In your book, your initial response to being sent overseas was similar to that of a kid going to summer camp for the first time. You seemed excited or almost happy about the experience that was happening in your life. At what point did that start to change?

It is true that I really loved visiting in England. I liked the people, I liked what I saw. I like what was in the shops. I liked buying stuff and spending pence and tuppences and thruppences. And pounds. It was charming and everyone was courteous. It was a pleasant experience. But shortly before D-Day they got us all together and we were reviewed by General Eisenhower and Winston Churchill and General Patton and we began to think, well boy, that these guys wouldn't be coming to see us if we were just going to be support troops somewhere. So then we got a little more concerned that maybe we would be part of this invasion. Then when they moved us to a camp where we weren't allowed to write and we had to be confined to the camp, then we knew we were getting into something real. But we had been doing all these marches, getting off landing craft and all that, but we didn't really seem all that concerned because we didn't think we would get involved as much as we were.

So when General Eisenhower and Winston Churchill and General Patton came to speak to you, you said that Eisenhower spoke to you directly?

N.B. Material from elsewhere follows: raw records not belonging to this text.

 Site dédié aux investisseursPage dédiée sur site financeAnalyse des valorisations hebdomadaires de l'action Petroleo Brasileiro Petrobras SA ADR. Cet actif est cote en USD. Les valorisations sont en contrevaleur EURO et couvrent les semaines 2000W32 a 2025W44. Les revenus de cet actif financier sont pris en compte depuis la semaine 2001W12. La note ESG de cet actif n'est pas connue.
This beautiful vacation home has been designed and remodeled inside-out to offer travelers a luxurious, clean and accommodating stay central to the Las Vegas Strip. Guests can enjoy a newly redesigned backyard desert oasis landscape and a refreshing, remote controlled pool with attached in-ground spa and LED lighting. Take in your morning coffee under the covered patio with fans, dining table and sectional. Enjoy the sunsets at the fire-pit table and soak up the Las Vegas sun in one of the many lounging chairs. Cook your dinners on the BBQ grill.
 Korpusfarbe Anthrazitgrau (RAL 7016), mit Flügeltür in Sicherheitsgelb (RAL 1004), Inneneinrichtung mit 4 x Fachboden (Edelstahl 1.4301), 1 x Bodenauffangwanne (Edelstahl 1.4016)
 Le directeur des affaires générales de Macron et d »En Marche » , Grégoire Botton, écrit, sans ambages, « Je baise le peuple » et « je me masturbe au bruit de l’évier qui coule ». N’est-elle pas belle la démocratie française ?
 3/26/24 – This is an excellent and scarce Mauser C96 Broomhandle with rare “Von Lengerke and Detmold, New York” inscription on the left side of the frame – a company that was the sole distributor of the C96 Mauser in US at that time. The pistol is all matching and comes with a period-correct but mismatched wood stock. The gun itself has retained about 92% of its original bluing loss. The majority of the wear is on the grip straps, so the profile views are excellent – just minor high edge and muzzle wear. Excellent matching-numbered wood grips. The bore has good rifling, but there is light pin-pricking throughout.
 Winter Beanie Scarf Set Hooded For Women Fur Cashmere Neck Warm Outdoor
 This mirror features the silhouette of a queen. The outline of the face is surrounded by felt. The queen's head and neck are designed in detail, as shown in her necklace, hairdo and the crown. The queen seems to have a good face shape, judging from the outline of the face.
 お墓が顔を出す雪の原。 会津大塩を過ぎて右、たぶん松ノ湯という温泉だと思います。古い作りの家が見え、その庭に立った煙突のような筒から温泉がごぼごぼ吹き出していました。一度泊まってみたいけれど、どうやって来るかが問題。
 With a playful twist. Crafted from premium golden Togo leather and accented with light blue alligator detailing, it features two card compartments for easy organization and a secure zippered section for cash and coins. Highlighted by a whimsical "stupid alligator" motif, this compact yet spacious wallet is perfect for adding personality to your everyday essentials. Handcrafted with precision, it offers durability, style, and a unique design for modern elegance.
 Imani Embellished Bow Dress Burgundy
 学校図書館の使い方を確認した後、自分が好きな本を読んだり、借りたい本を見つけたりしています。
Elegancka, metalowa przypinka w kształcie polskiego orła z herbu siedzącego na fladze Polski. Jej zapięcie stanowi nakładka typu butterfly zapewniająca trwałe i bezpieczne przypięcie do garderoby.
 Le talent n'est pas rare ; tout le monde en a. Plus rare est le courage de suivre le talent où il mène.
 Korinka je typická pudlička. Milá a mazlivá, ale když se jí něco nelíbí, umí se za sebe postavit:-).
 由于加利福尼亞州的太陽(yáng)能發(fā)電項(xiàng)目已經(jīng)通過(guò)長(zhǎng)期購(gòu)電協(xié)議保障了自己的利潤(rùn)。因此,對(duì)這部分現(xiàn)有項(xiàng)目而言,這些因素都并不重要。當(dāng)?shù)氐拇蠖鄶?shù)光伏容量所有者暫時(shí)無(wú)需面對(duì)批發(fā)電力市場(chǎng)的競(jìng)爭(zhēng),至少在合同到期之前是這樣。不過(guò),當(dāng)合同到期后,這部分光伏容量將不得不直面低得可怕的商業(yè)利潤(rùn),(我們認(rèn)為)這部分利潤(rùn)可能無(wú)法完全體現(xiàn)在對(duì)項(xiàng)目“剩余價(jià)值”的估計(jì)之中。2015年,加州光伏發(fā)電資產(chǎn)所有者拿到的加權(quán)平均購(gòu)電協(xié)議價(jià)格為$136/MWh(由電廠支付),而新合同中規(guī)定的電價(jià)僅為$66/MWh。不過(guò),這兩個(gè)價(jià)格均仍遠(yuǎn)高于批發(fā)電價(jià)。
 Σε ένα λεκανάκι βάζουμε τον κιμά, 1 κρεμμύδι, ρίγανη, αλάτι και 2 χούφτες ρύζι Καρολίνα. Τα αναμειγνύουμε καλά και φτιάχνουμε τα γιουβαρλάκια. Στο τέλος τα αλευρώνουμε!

Can you describe what that was like?

What they did—I got a picture of that recently—they walked down the ranks of the division. You would line up in a parade form and they'd walk down the ranks and stop to talk to every third or fourth man, or maybe not that often but they'd stop and talk to somebody. Except General Patton didn't talk to anybody, he had been in some trouble in Sicily as some of you may know. But he was still the best American General. But General Eisenhower stopped to talk to me. He said 'Where are you from soldier" and I said, "I'm from San Francisco sir," and he said "Well, I love San Francisco, I was stationed in the Presidio, I really enjoyed being in San Francisco," I don't whether he used the term "loved." And then he said "Good luck soldier," and moved on. But it was impressive to talk to him. At that time Eisenhower was in charge of the invasion of Europe. So you know it was an important guy to stop and talk to me, so obviously here I remember it now.

Did this conversation motivate or inspire you in any way?

No, you know when I was there my feeling was I got a job to do I will do it. I don't know if I felt like a crusader or something. But the last letter that I wrote home—actually on the landing craft I said well you know I hope I can do some good and help to save some lives and you know that's what I was trained to do. Though I must say that when we were going in to land that I didn't realize how bad it would be.

In your book you had scanned in your letter which was from Eisenhower and the date was June 6th and it begins, "You are about to embark upon the great crusade towards which we have striven these many months," and then it continues. What were you feeling at that point when thinking of what you were going to be doing in the future?

If you are in the army, even if you're a well-trained soldier, you don't really know what war is like. You know it was a disaster early on for the Americans. The only reason that we survived was because of the large number of Americans that we had. Because the Germans had been to war before, they knew how to fight a war. We didn't. You could go to all the classes in the world and you wouldn't really know. Most people just don't realize how terrible war is; we certainly didn't. We really didn't have the remotest idea of how bad it was. You know some people were fearful and all that but I think that if they had known what they were getting into they would have been a lot more fearful.

After you received that letter where did you go?

It was a mobilizing camp close to where we were going to get on landing craft. Before that we were stationed in this little city of Bodman but they moved us closer to Southhampton and it was a camp surrounded by barbed wire, you weren't allowed to talk to anybody. You couldn't get out of the camp because it was supposed be secret about who was going and that sort of thing.